While asynchronous functions appear to greatly simplify concurrency management, they do not rule out the possibility of deadlocks or state corruption. In particular, programmers should be aware of suspension points that async functions introduce. At a suspension point, a function relinquish its thread. This happens, for example, when you call an asynchronous function associated with a different execution context. To avoid the risk of deadlocks or data corruption, async functions should avoid calling functions that may block their thread.

For example, acquiring a mutex can only block until some currently-running thread gives up the mutex; this is sometimes acceptable but must be used carefully to avoid introducing deadlocks or artificial scalability problems. In contrast, waiting on a condition variable can block until some arbitrary other work gets scheduled that signals the variable; this pattern goes strongly against recommendation.

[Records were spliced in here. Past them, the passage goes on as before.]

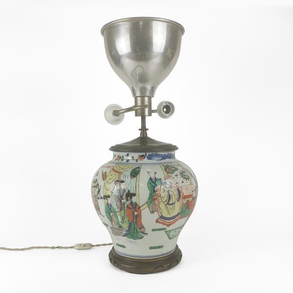 Porcelaine émaillée polychrome à décor de personnages, percé à l...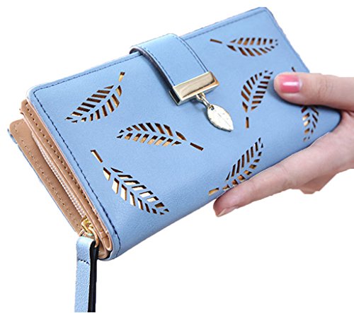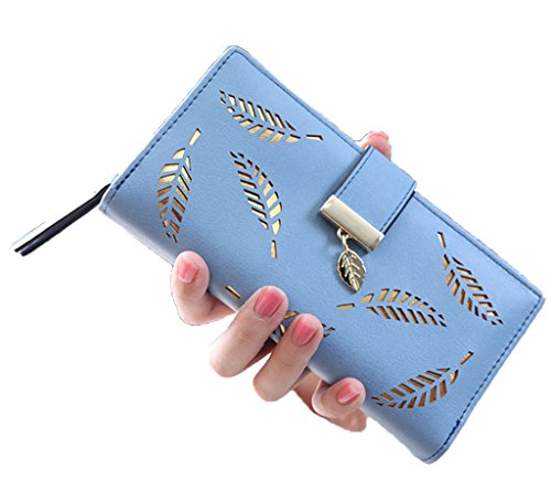 Name: Hollow leaf wallet Material: PU Inside Material: Polyester Capacity: you can put 10,000 yuan capacity Open the way: buttons Product Size: Length: 19cm Width: 3.2cm Height: 10cm wallet discount: 2 fold Color: pink, beige, blue, black, brown Internal structure: Card position: 11 Big note: 3 Camera chip: 1 coin pocket: 2 Use: card package, wallet, purse 0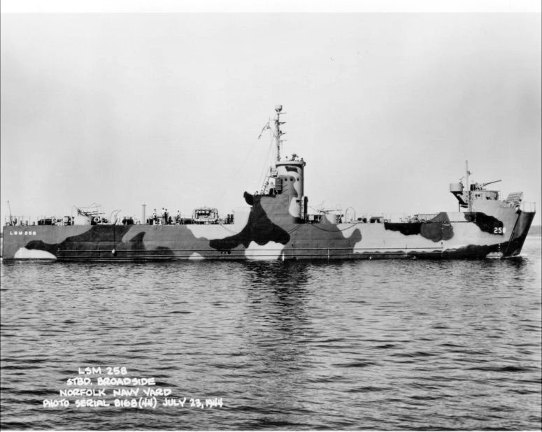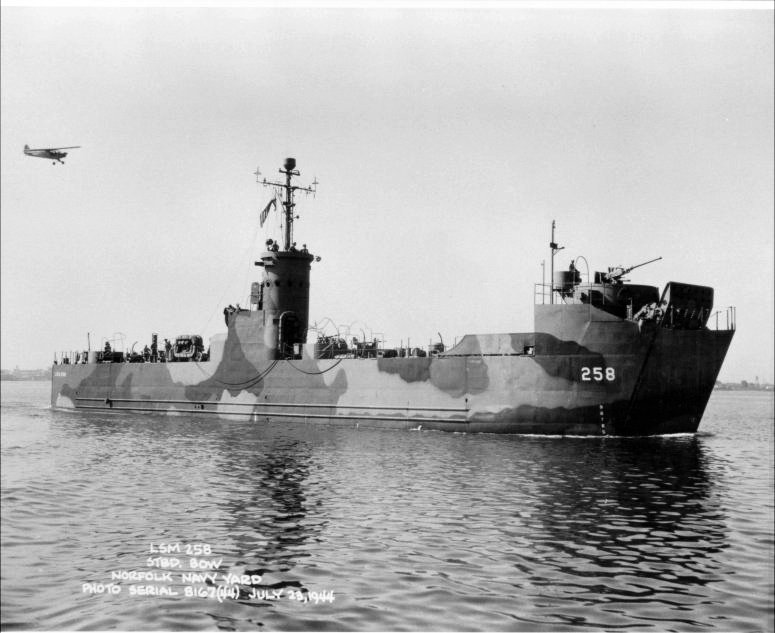 68k | USS LSM-258 under way, in Hampton Roads, 23 July 1944. starboard broadside view. Norfolk Navy Yard photo serial # 8168(44). |

An interesting evolution of this feature enables calling asynchronous Objective-C APIs, which use completion handlers, using an await expression.

Actors, on the other hand, are an abstraction built on top of async and await to safely access mutable state. In short, actors encapsulate some state and provide a set of methods to access it safely.

Unlike classes, actors allow only one task to access their mutable state at a time, which makes it safe for code in multiple tasks to interact with the same instance of an actor.

This is an examples of a Swift actor:

actor TemperatureLogger {
    let label: String
    var measurements: [Int]
    private(set) var max: Int

    init(label: String, measurement: Int) {
        self.label = label
        self.measurements = [measurement]
        self.max = measurement
    }
}

An actor's methods can be used indifferently synchronously or asynchronously from within the actor, but the compiler will force you to use an async operation to read the actor's state from outside the actor.

If you are interested in learning how Swift concurrency works behind the scenes, understanding how Swift tasks differ from Grand Central Dispatch, and how to write concurrent Swift code with performance in mind, do not miss Apple WWDC session Swift concurrency: Behind the scenes.

Swift 5.5 is currently available as part of Xcode 13 beta, which can be downloaded from Apple developer website.